==== INPUT DATA ====

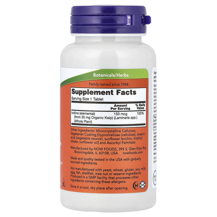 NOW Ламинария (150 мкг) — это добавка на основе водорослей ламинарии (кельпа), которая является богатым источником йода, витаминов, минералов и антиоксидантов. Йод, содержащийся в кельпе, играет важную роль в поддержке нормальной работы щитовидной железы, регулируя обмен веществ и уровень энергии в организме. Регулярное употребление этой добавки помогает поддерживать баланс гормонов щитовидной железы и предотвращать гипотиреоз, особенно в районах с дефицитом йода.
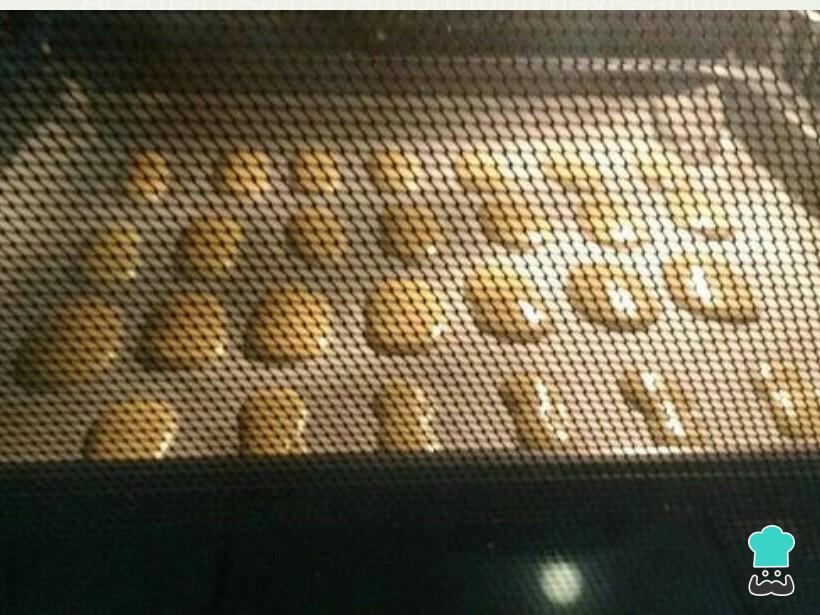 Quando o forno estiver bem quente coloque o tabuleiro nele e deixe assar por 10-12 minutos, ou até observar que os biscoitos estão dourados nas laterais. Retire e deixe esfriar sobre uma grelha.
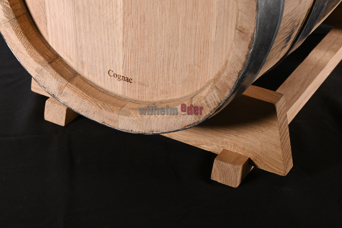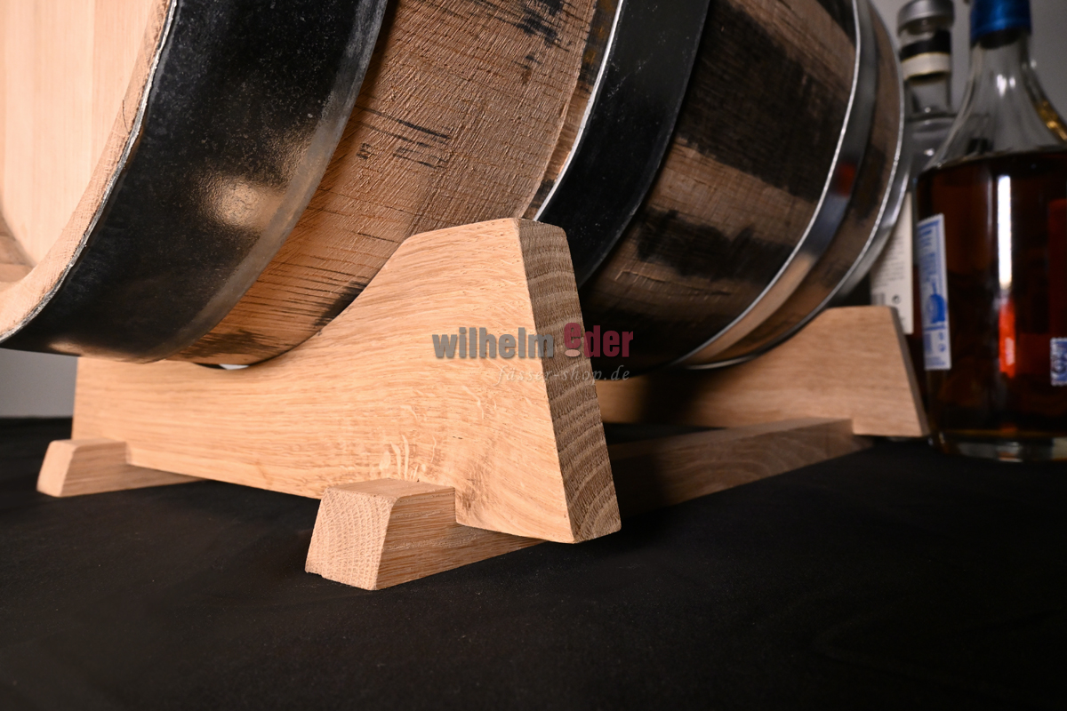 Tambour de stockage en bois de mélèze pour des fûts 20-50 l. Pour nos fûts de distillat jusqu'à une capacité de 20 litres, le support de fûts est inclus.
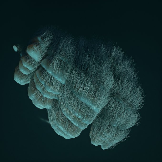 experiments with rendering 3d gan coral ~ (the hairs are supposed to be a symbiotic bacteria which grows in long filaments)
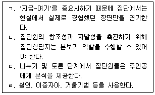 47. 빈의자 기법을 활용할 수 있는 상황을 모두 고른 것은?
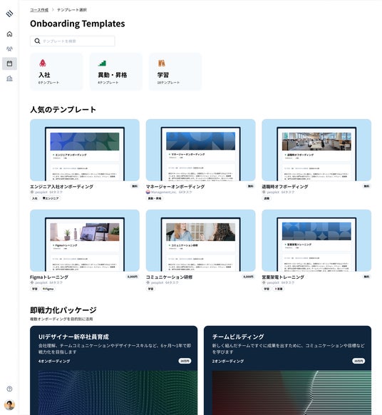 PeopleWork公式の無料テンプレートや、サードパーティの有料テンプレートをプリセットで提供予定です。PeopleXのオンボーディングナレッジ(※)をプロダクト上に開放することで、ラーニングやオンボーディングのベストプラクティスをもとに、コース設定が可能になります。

====

- [PROBLEM] The answer must be the data above, repeated exactly, with no pictures.

- [SOLUTION TO THIS EXERCISE]
 NOW Ламинария (150 мкг) — это добавка на основе водорослей ламинарии (кельпа), которая является богатым источником йода, витаминов, минералов и антиоксидантов. Йод, содержащийся в кельпе, играет важную роль в поддержке нормальной работы щитовидной железы, регулируя обмен веществ и уровень энергии в организме. Регулярное употребление этой добавки помогает поддерживать баланс гормонов щитовидной железы и предотвращать гипотиреоз, особенно в районах с дефицитом йода.
 Quando o forno estiver bem quente coloque o tabuleiro nele e deixe assar por 10-12 minutos, ou até observar que os biscoitos estão dourados nas laterais. Retire e deixe esfriar sobre uma grelha.
 Tambour de stockage en bois de mélèze pour des fûts 20-50 l. Pour nos fûts de distillat jusqu'à une capacité de 20 litres, le support de fûts est inclus.
 experiments with rendering 3d gan coral ~ (the hairs are supposed to be a symbiotic bacteria which grows in long filaments)
 47. 빈의자 기법을 활용할 수 있는 상황을 모두 고른 것은?
 PeopleWork公式の無料テンプレートや、サードパーティの有料テンプレートをプリセットで提供予定です。PeopleXのオンボーディングナレッジ(※)をプロダクト上に開放することで、ラーニングやオンボーディングのベストプラクティスをもとに、コース設定が可能になります。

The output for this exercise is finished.